───── DATASET CONTENT ─────

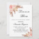 För en modern boho stil möhippa. En vit snyggt bakgrund. Dekoreras med ro guld och rosa blommigt, rosor och pampasgräs. Anpassa och lägg till information om namn och party. Text: Kärlek är i Bloom
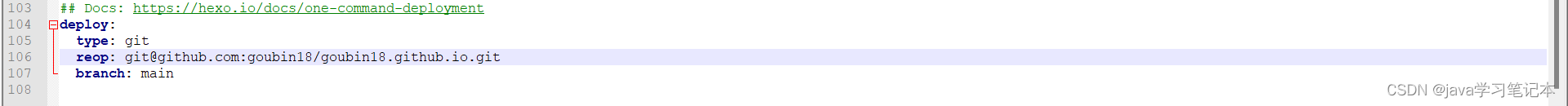 这一步,我们就可以将hexo和GitHub关联起来,也就是将hexo生成的文章部署到GitHub上,打开站点配置文件 _config.yml,翻到最后,修改为 YourgithubName就是你的GitHub账户
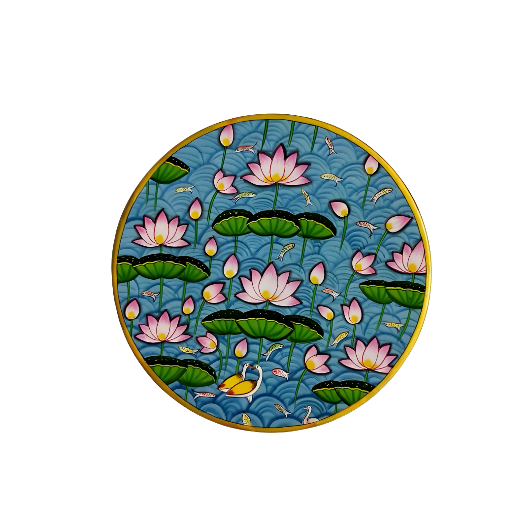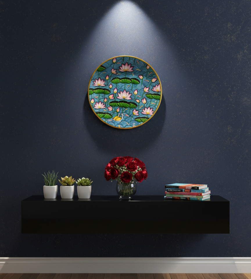 Pichwai art from Nathdwara, Rajasthan, beautifully portrays Lord Krishna, festive scenes, and nature in detailed, hand-painted designs that add cultural charm to any space.
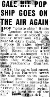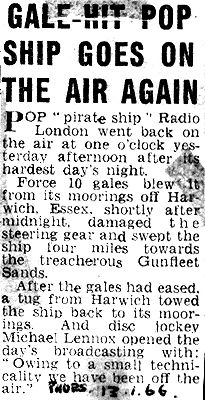 The ship was towed by the tug Kent and the station resumed broadcasting at 1300 hours with a special news bulletin about the overnight adventure, as soon as she returned to International Waters. The Galaxy was fully back in position by 1500 hours. Many quips were made about the unscheduled voyage, and DJs sang the words, "The station with the very loose anchor" over the PAMS jingle "The Station with the happy difference"! The first record played after Radio London's return to the airwaves was appropriately the #5 in the Fab Forty Day Tripper! Press adverts appeared the following day: To view a legible copy of this newspaper clipping, click on the picture. See MD Phillip Birch's letter of thanks to Captain Bill Buninga here. Only eight days later, Caroline's ship Mi Amigo ran aground at Frinton. |
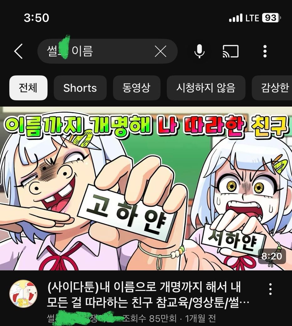 썰쟁이 유튜브 만화에 보면 고춘자랑 서하얀 이라는 여학생 캐릭터가 있는데요. 춘자가 하얀이꺼 행동이나 패션이나 모든것을 따라한대요.
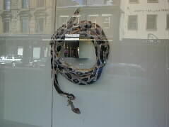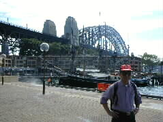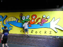 Just a couple of minutes from the hotel take me to Circular Quay, the terminal of the ferryboats. Not only the tourists but also commuters or students make use of the ferryboats. Above the Quay is an elevated railroad station. Under a railroad bridge, a painter was making a funny sign like this, showing the Rocks district. |
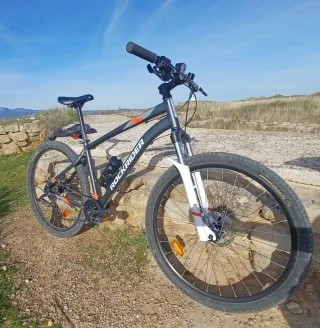 Vendo Rockrider 520 en excelente estado mecánico. Es una bicicleta ideal para iniciarse en MTB con una geometría muy cómoda. Lo mejor de esta unidad es que tiene la transmisión recién renovada, por lo que funciona como el primer día: NUEVO: Desviador trasero SRAM X3. NUEVO: Kit de platos delanteros. NUEVA: Cadena SRAM específica para este grupo. Ruedas: 27.5" con llantas de doble pared. Frenos: Disco mecánicos revisados. Neumáticos: Vittoria Barzo delante / Schwalbe Smart Sam detrás La bici está limpia, engrasada y lista para salir a la montaña sin gastar un euro en revisiones. Se puede ver y probar en Logroño.

─────

**ACTIVITY:** The entries above are to be printed again word for word, with every picture removed.

**RESULT BELOW:**
 För en modern boho stil möhippa. En vit snyggt bakgrund. Dekoreras med ro guld och rosa blommigt, rosor och pampasgräs. Anpassa och lägg till information om namn och party. Text: Kärlek är i Bloom
 这一步,我们就可以将hexo和GitHub关联起来,也就是将hexo生成的文章部署到GitHub上,打开站点配置文件 _config.yml,翻到最后,修改为 YourgithubName就是你的GitHub账户
 Pichwai art from Nathdwara, Rajasthan, beautifully portrays Lord Krishna, festive scenes, and nature in detailed, hand-painted designs that add cultural charm to any space.
 The ship was towed by the tug Kent and the station resumed broadcasting at 1300 hours with a special news bulletin about the overnight adventure, as soon as she returned to International Waters. The Galaxy was fully back in position by 1500 hours. Many quips were made about the unscheduled voyage, and DJs sang the words, "The station with the very loose anchor" over the PAMS jingle "The Station with the happy difference"! The first record played after Radio London's return to the airwaves was appropriately the #5 in the Fab Forty Day Tripper! Press adverts appeared the following day: To view a legible copy of this newspaper clipping, click on the picture. See MD Phillip Birch's letter of thanks to Captain Bill Buninga here. Only eight days later, Caroline's ship Mi Amigo ran aground at Frinton. |
 썰쟁이 유튜브 만화에 보면 고춘자랑 서하얀 이라는 여학생 캐릭터가 있는데요. 춘자가 하얀이꺼 행동이나 패션이나 모든것을 따라한대요.
 Just a couple of minutes from the hotel take me to Circular Quay, the terminal of the ferryboats. Not only the tourists but also commuters or students make use of the ferryboats. Above the Quay is an elevated railroad station. Under a railroad bridge, a painter was making a funny sign like this, showing the Rocks district. |
 Vendo Rockrider 520 en excelente estado mecánico. Es una bicicleta ideal para iniciarse en MTB con una geometría muy cómoda. Lo mejor de esta unidad es que tiene la transmisión recién renovada, por lo que funciona como el primer día: NUEVO: Desviador trasero SRAM X3. NUEVO: Kit de platos delanteros. NUEVA: Cadena SRAM específica para este grupo. Ruedas: 27.5" con llantas de doble pared. Frenos: Disco mecánicos revisados. Neumáticos: Vittoria Barzo delante / Schwalbe Smart Sam detrás La bici está limpia, engrasada y lista para salir a la montaña sin gastar un euro en revisiones. Se puede ver y probar en Logroño.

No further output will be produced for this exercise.